Having located the line with "Średnica: 30 cm", repeat it and all remaining lines of the records exactly. Pictures do not belong in the answer.

> _Data extracts_
+---+

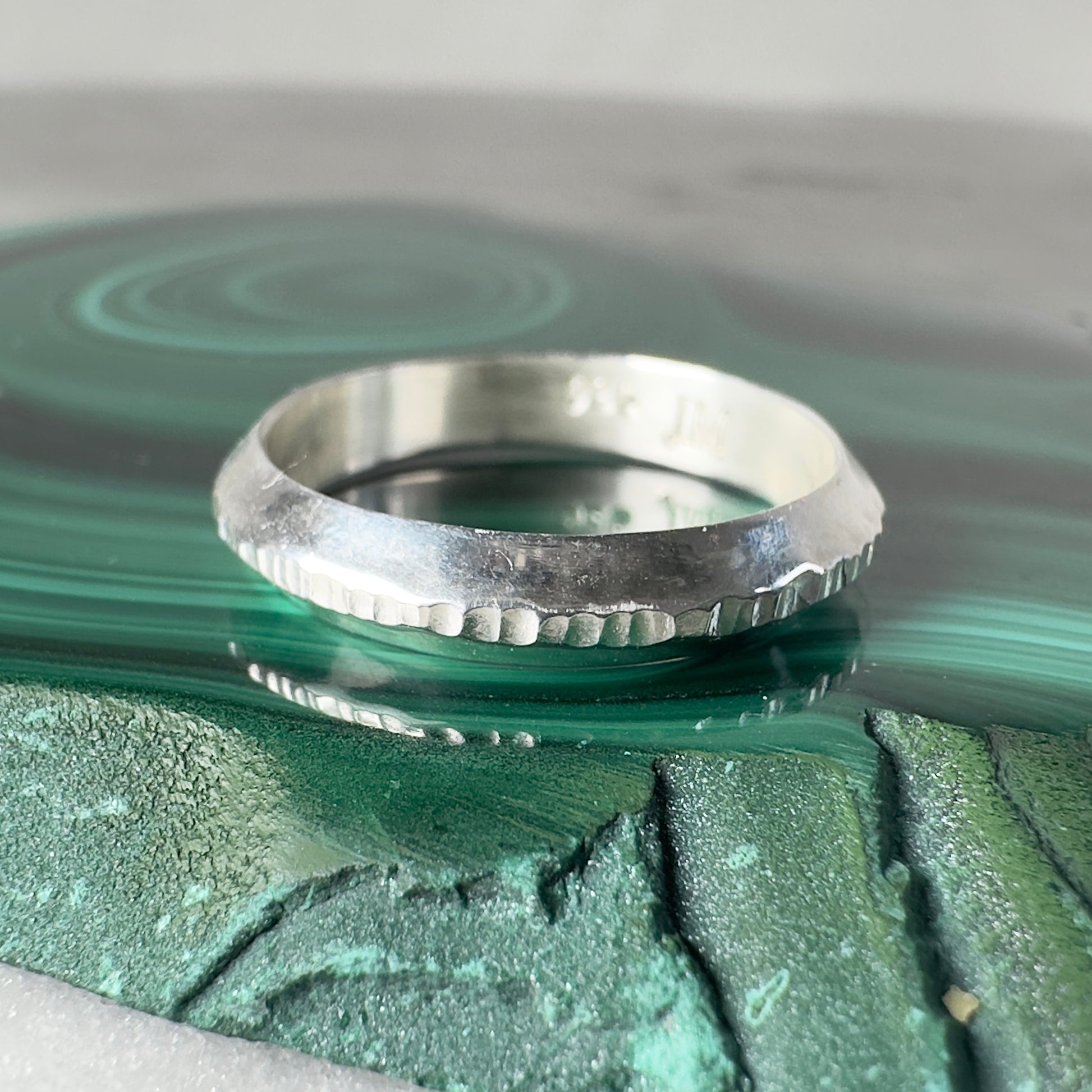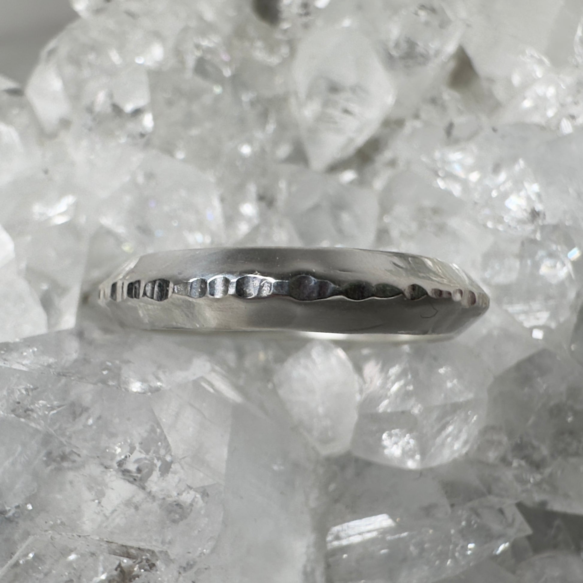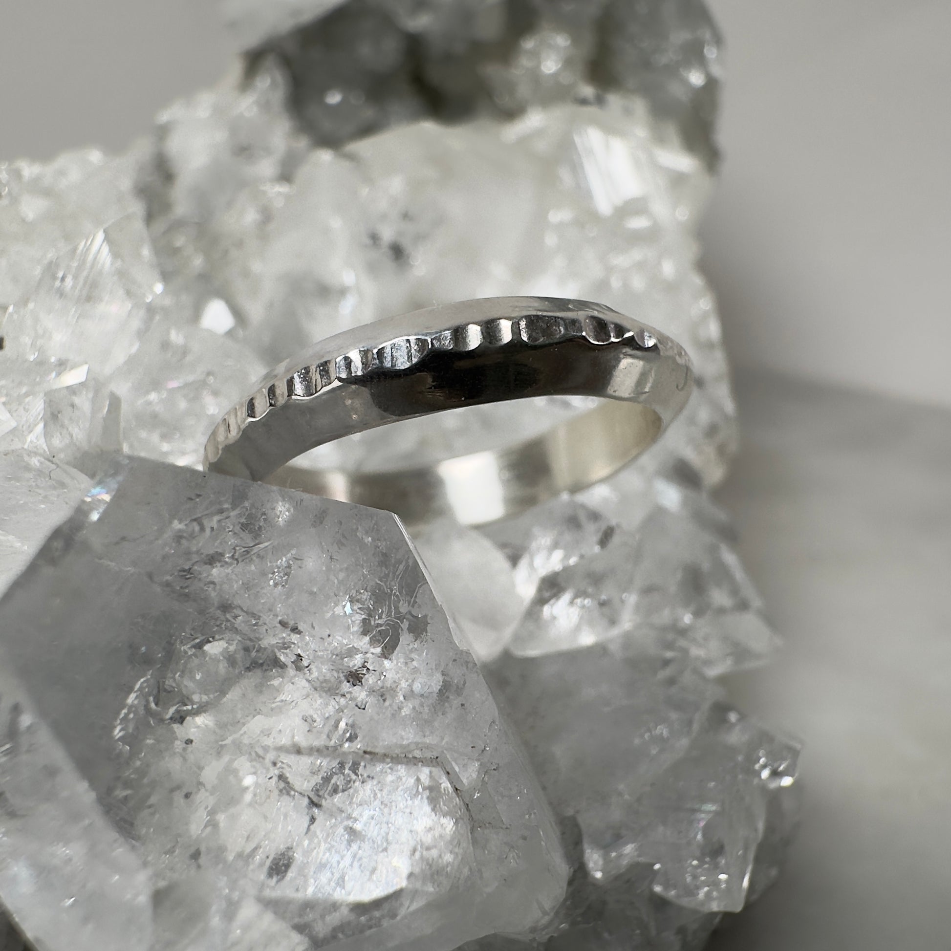 Introducing the Ripple Band Ring - a stunning fusion of organic textures and natural brilliance. This eye-catching piece features a hand-hammered band, its surface dancing with linear impressions that evoke the gentle ripples of water. The bright, polished silver creates a mesmerizing contrast against the textured background, ensuring this ring catches every glance.
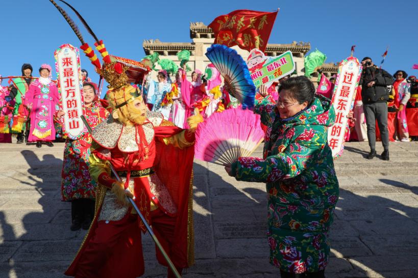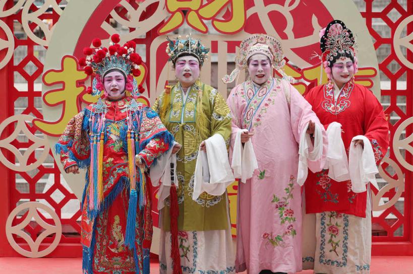 2025年1月30日,在山东省临沂市新春庙会上,民间艺东谈主扮演省级非物资文化遗产代表性相貌“弦子戏”。
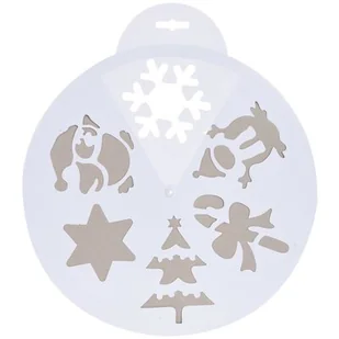 Średnica: 30 cm Materiał: tektura, plastik Przeznaczenie: do formowania kształtów ze sztucznego śniegu Szablon ze wzorami pomoże nadać odpowiedni kształt podczas tworzenia dekoracji ze sztucznego śniegu. Wzory takie jak: pingwin, bałwan, gwiazdka, śnieżynka, choinka i rózga odpowiadają świątecznemu okresowi.
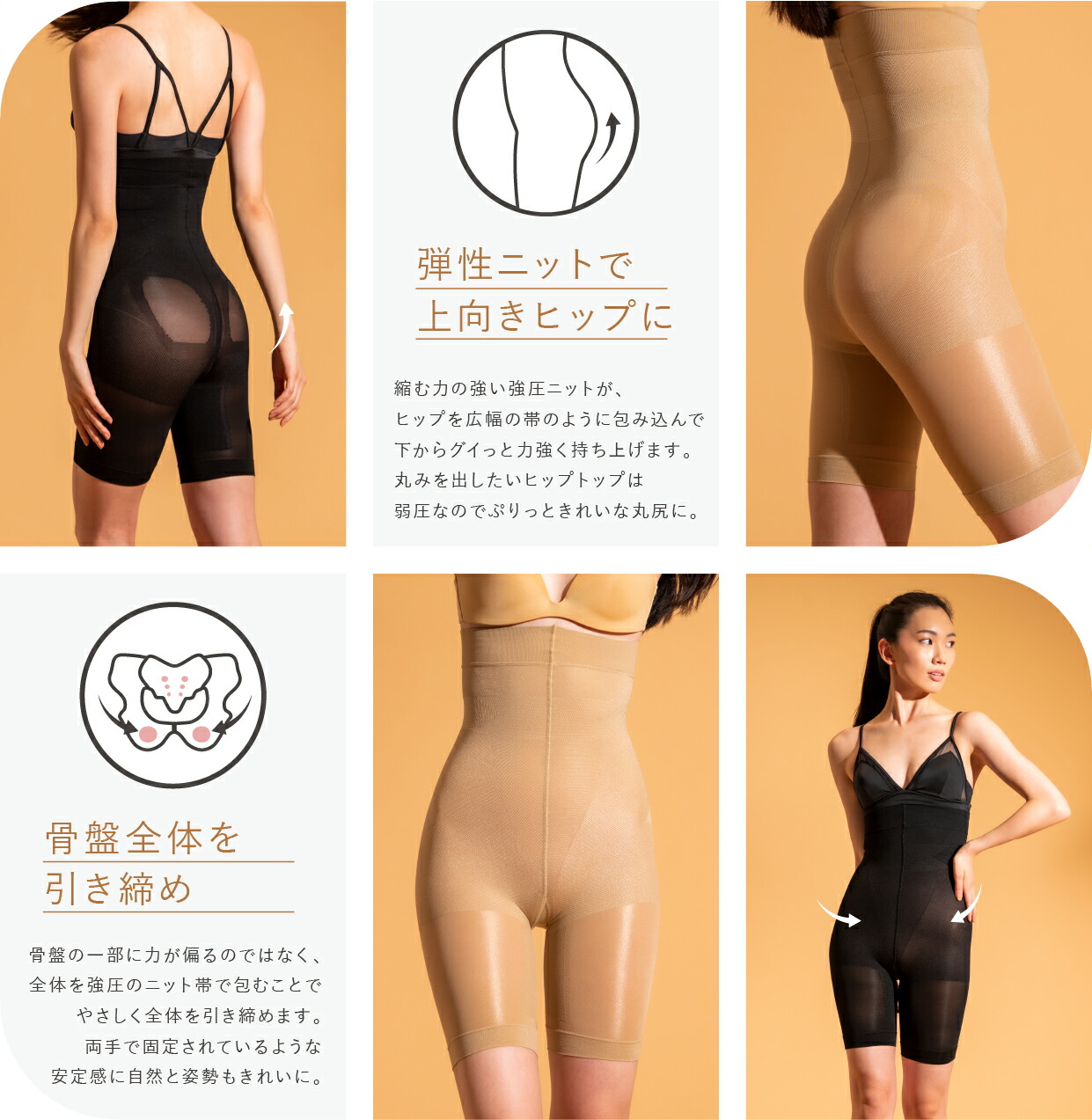 スーパーハイウエスト助かります。ブラトップのアンダー部分まであり、スッキリとまとまります。ヒップは上がり、太ももも締まり、お腹の部分もスッキリです。外出時のお手洗い時も楽で、とても助かってます。ブラックMサイズ愛用。季節的にベージュMサイズを買い足しました。外出時にパンツを履く時に履いてます。
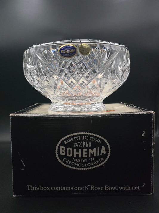 Large 8" Bohemian Lead Crystal Rose Bowl – 24% Hand-Cut Crystal, Heavy 1.8kg, Vintage Czech Centrepiece Vase
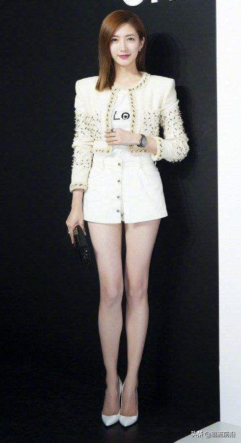 在活动现场的穿搭就比较正式了,一套白色的穿搭,上身是小香风的短款外套,下边是带扣的白色超短裤,原本修长的身材被简单又利落的剪裁设计衬得更加纤瘦,一双腿又细又直,看起来加分不少。
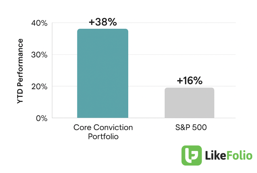 As of December 4, 2025, the Core Conviction Portfolio has realized an average Year-to-Date (YTD) gain of +38%, far exceeding the S&P 500 Index (SPX), which is up approximately +16% over the same period.
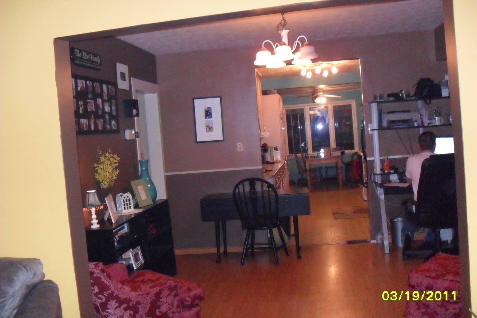 Dining room from living room, kitchen in the background. That black table and chair is not staying, just needs to be brought into the basement.
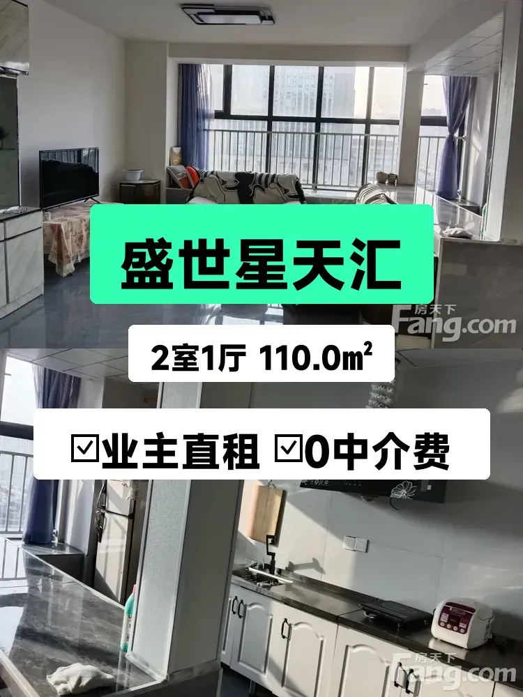 标题:自家盛世星天汇电梯房出租✨两居室东西通透1200/月

+---+

> _Your response_
 Średnica: 30 cm Materiał: tektura, plastik Przeznaczenie: do formowania kształtów ze sztucznego śniegu Szablon ze wzorami pomoże nadać odpowiedni kształt podczas tworzenia dekoracji ze sztucznego śniegu. Wzory takie jak: pingwin, bałwan, gwiazdka, śnieżynka, choinka i rózga odpowiadają świątecznemu okresowi.
 スーパーハイウエスト助かります。ブラトップのアンダー部分まであり、スッキリとまとまります。ヒップは上がり、太ももも締まり、お腹の部分もスッキリです。外出時のお手洗い時も楽で、とても助かってます。ブラックMサイズ愛用。季節的にベージュMサイズを買い足しました。外出時にパンツを履く時に履いてます。
 Large 8" Bohemian Lead Crystal Rose Bowl – 24% Hand-Cut Crystal, Heavy 1.8kg, Vintage Czech Centrepiece Vase
 在活动现场的穿搭就比较正式了,一套白色的穿搭,上身是小香风的短款外套,下边是带扣的白色超短裤,原本修长的身材被简单又利落的剪裁设计衬得更加纤瘦,一双腿又细又直,看起来加分不少。
 As of December 4, 2025, the Core Conviction Portfolio has realized an average Year-to-Date (YTD) gain of +38%, far exceeding the S&P 500 Index (SPX), which is up approximately +16% over the same period.
 Dining room from living room, kitchen in the background. That black table and chair is not staying, just needs to be brought into the basement.
 标题:自家盛世星天汇电梯房出租✨两居室东西通透1200/月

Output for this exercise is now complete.